Today, my romance with the restaurant has ended; I am on to other things, enacting his vision of Indian cuisine as a culinary superpower, my way. This is a restaurant ahead of its time, a vision of a chef who was undeniably at the forefront of the gastronomic evolution of contemporary Indian cuisine.

But this isn’t about Indian Accent, the restaurant, at all. The official site does its job very well.

It’s about those who make the restaurant what it is.

India wasn’t a patch on the global arena of modern restaurants and gastronomy. This isn’t just my opinion. Indian cuisine isn’t likened to French or Italian cuisine in terms of restaurants and marketability, certainly not on the same scale.
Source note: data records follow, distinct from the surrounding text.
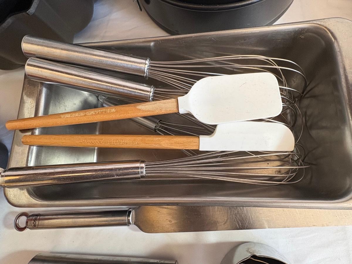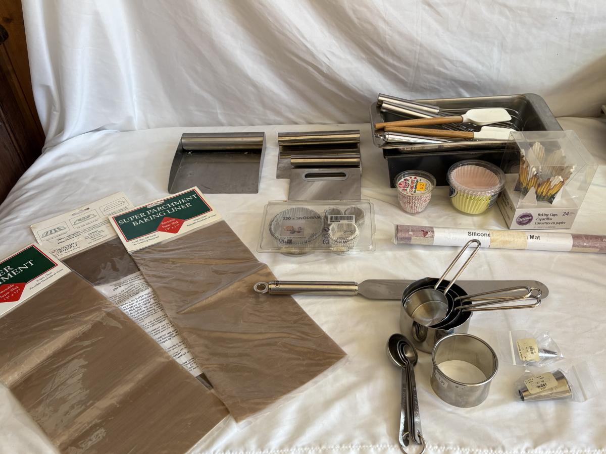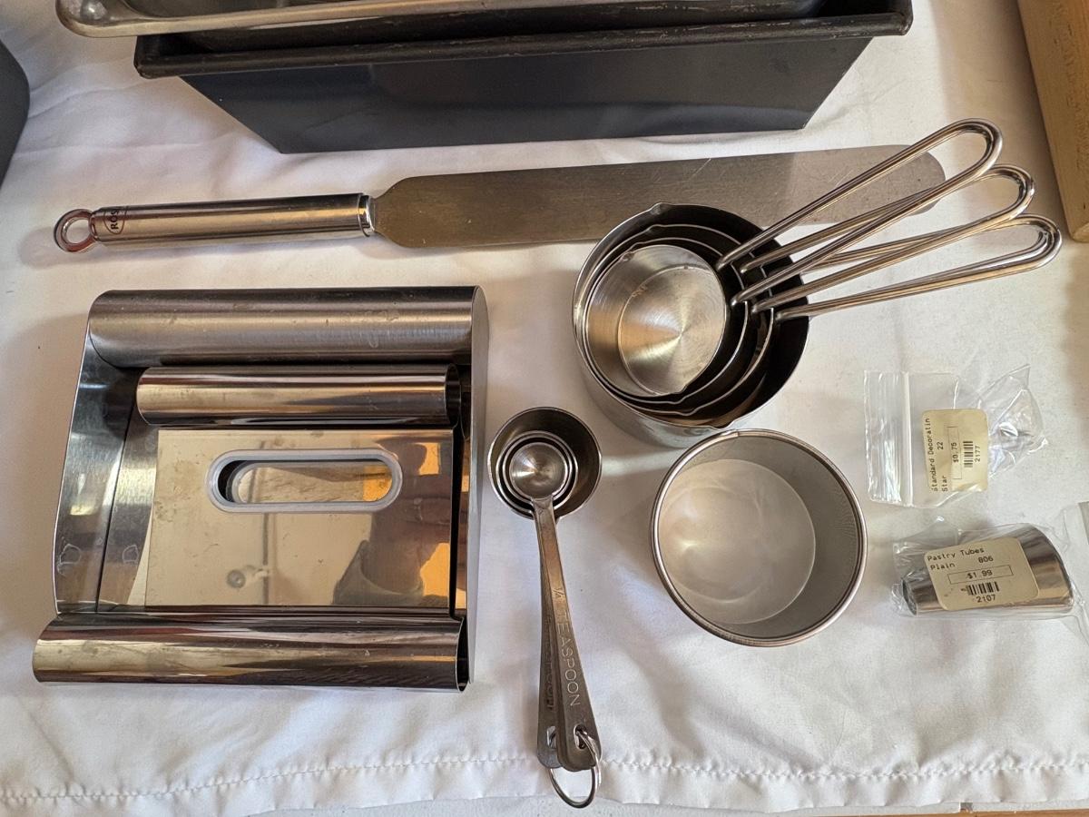 9” Bundt & springform pans, mini & regular Madeline pans and muffin tins, cooling trays, tart pans (seven 4”, two 9”, one 10.5”), and many miscellaneous tools.
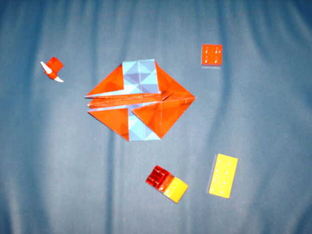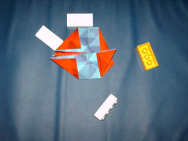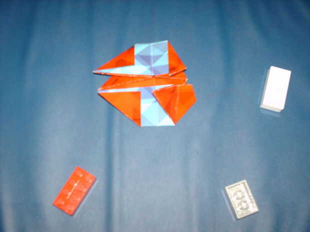 Ahora doblar la aleta que doblado encima en el segundo tanque en frente de la espiga que había delante el papel que hundido. Repetir este proceso en el otro lado.
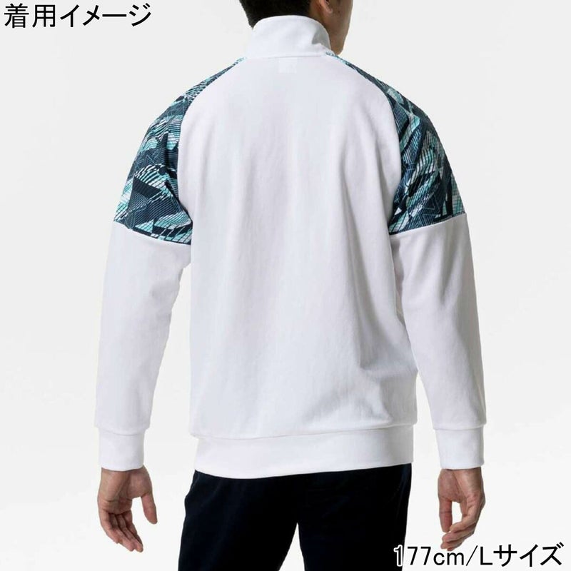 頑張るブカツ生を応援する思いを込めた、両肩のグラフィックが目を引く吸汗速乾素材を使用したウォームアップジャケット。
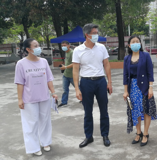 在聯一小學全體行政陪同下,督導小組對聯一小學當前的防疫配套設施的配備和使用情況進行了詳細的詢問。特別對校門口測溫點、觀察區、臨時隔離區、教學樓和操場等重點場地,進行了專門的調研和指導,實地檢查室場的衛生消毒、臨時觀察點設置、物資是否充足、是否符合標準等防疫措施落實情況。檢查過程中,督導小組詳細詢問每一個防控的細節,潘虹校長和行政們在陪同過程中一一作了詳細的回答,并對學校疫情防控和師生返校復課前的工作情況進行了詳細的匯報。
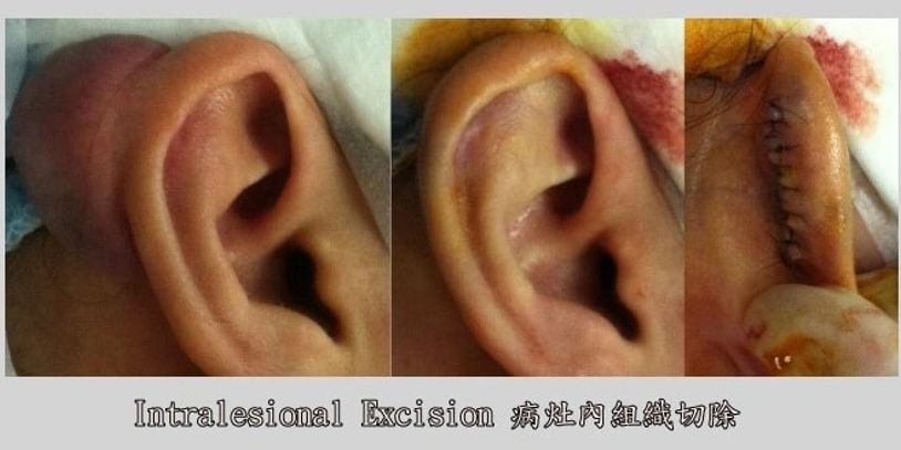 創傷或手術後的疤痕可形成的增生性的疤痕。增生性疤痕只局限於傷口的範圍,一般需較長的康復期自動減退。
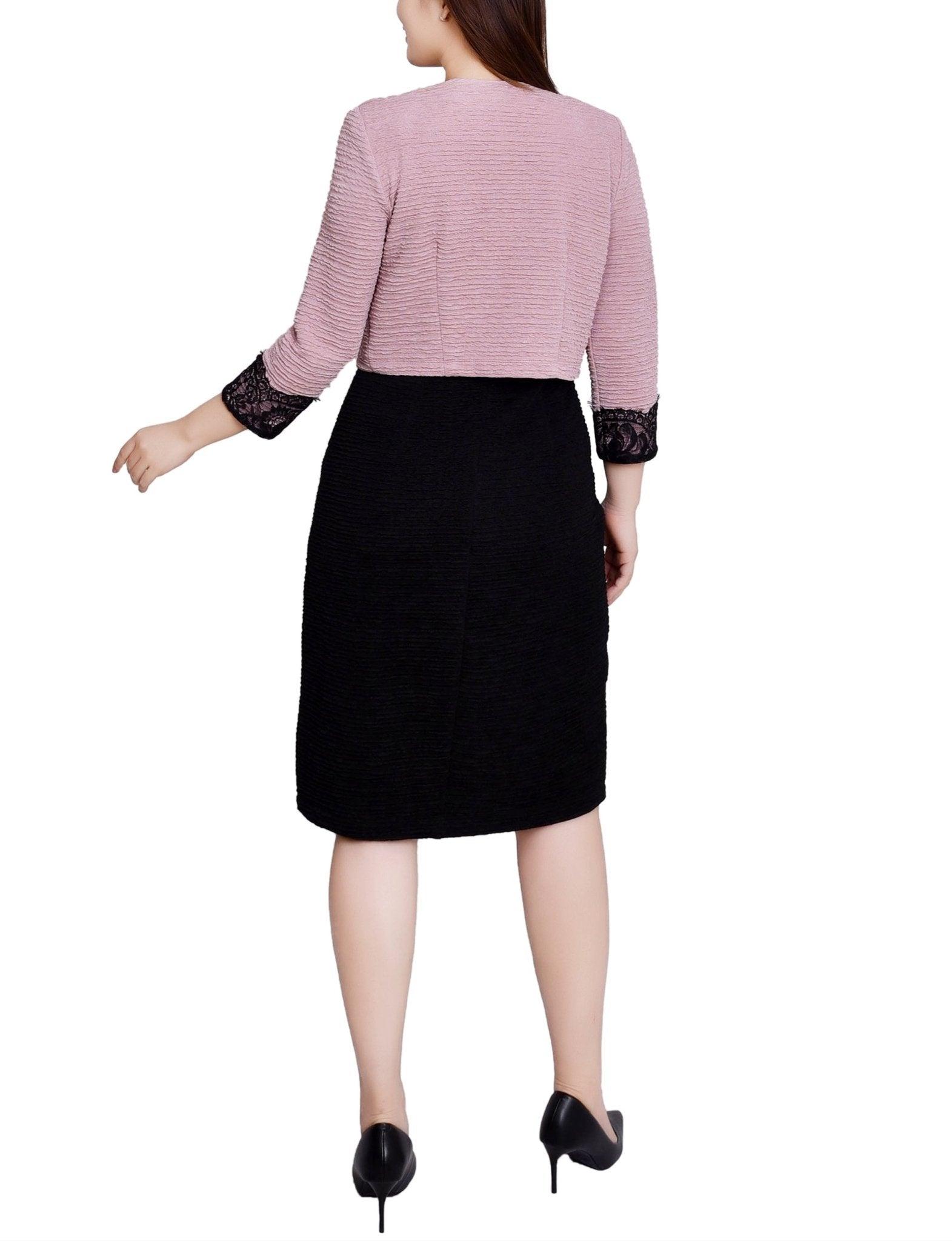 Blush Black Lace-Detail 2 Piece Textured Knit Dress Set - Petite

That is why aspiring chefs in India focus on international cuisine. I, too did the same, working at some of the finest Continental and Thai restaurants in Delhi, my home city.

I guess people my age prefer plating Masterchef-style fancy dishes and desserts as opposed to dumping curry in a bowl and making balls of gulaab jamun.

Sometime in 2012, I used to watch a cooking show where the premier chefs of India and Pakistan were judged on the basis of how creatively they presented their food. Everyone did the usual — made kebabs, curries, biryani and sweetened condensed milk.

One participant, however, produced dishes that would put the best continental restaurants to shame. This food was sophisticated, full of energy, visionary. It expressed one man’s passion in every way possible, staying true to his Indian roots. Not surprisingly, he won the competition by a landslide margin.

Also, not surprisingly, again, this was none other than Chef Manish. A man who went on to elevate Indian cuisine like never before. Tremendously inspired, I would from then on, shift all my focus to drawing from the strengths that lay in my own cultural heritage and cuisine, and dreamt of learning from close quarters some of the mastery and finesse I just witnessed.

Working under him became my dream.

I remember my first day. A professional kitchen is usually divided into various sections, each responsible for dispensing different dishes. I was put in the department that appealed to me the least: the dreaded tandoor section. A tandoor is a clay oven resembling a barrel, of sorts. Internal temperatures reach upto 600 degrees Celsius. Indian Accent is famous for its many exotic kulchas (stuffed breads) that are baked in a tandoor. Looks easy, but I assure you, it’s not. You’re supposed to dunk dough along the walls of this mind-numbingly hot thing with your bare hands. You take them out by meticulously maneuvering two oversized and very heated metal chopsticks. Take too long and your bread turns into a fireball, dropping into burning coal, never to be seen again. I worked in this section and, truth be told, to my own surprise, I actually quite enjoyed it. There’s a degree of showmanship involved when it comes to the tandoor. Although I burnt all the hair on my right arm in the process, this fiery contraption was always kind to me.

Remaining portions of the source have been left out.